Wednesday, August 07, 2013

Embedding Concepts in text for smarter searching with Solr4


Storing the concept map for a document in a payload field works well for queries that can treat the document as a bag of concepts. However, if you want to consider the concept's position(s) in the document, then you are out of luck. For queries that resolve to multiple concepts, it makes sense to rank documents with these concepts close together higher than those which had these concepts far apart, or even drop them from the results altogether.

We handle this requirement by analyzing each document against our medical taxonomy, and annotating recognized words and phrases with the appropriate concept ID before it is sent to the index. At index time, a custom token filter similar to the SynonymTokenFilter (described in the LIA2 Book) places the concept ID at the start position of the recognized word or phrase.
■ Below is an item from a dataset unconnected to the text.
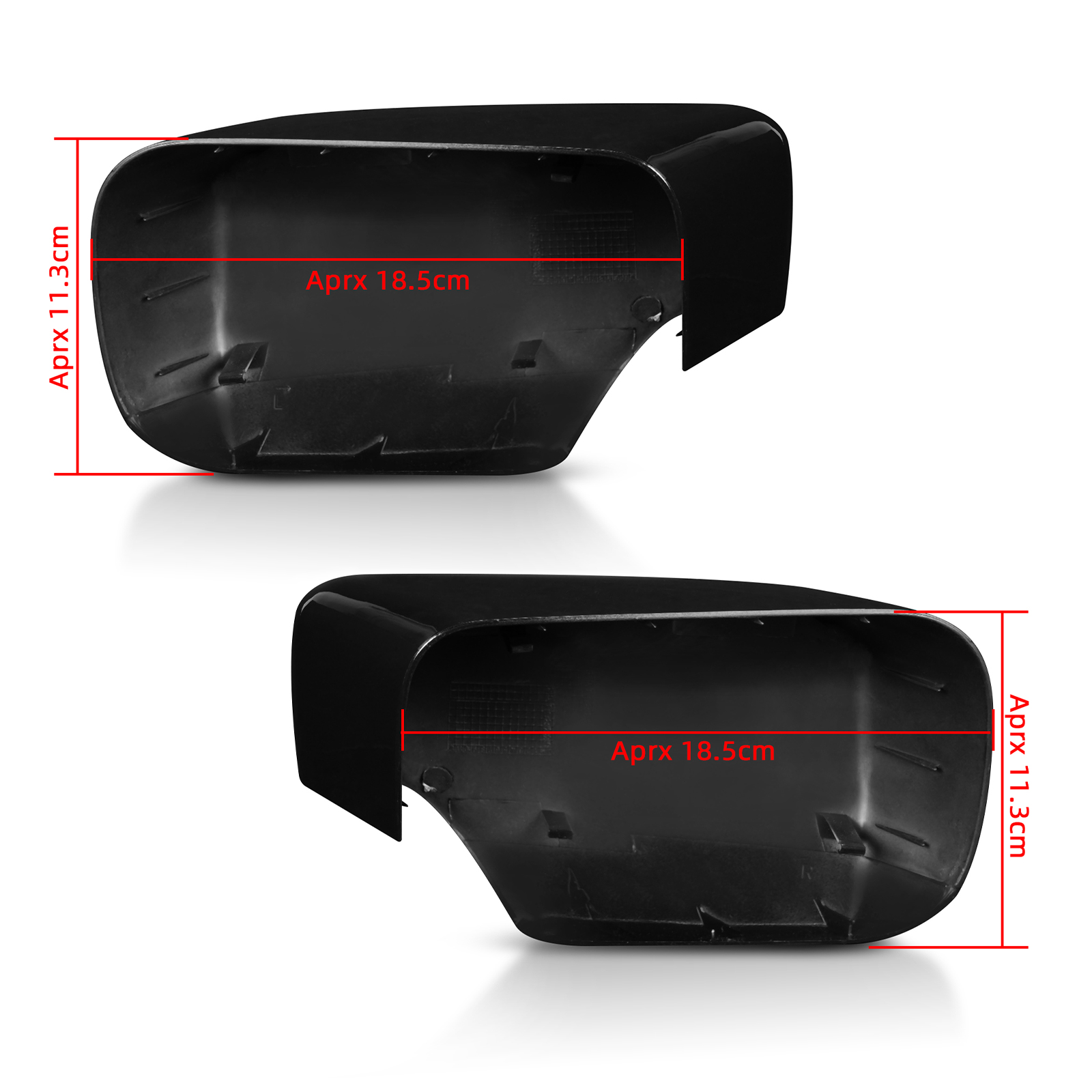 ---For E39 5-Series buyers, there are two versions for E39 mirror cover,this mirror cover measures 18.5cm in length,the other one is bigger,length measures 20.5cm.

Resolved multi-word phrases are retained as single tokens - for example, the phrase "breast cancer" becomes "breast0cancer". This allows us to rewrite queries such as "breast cancer radiotherapy"~5 as "2790981 2791965"~5.

One obvious advantage is that synonymy is implicitly supported with the rewrite. Medical literature is rich with synonyms and acronyms - for example, "breast cancer" can be variously called "breast neoplasm", "breast CA", etc. Once we rewrite the query, 2790981 will match against a document annotation that is identical for each of these various synonyms.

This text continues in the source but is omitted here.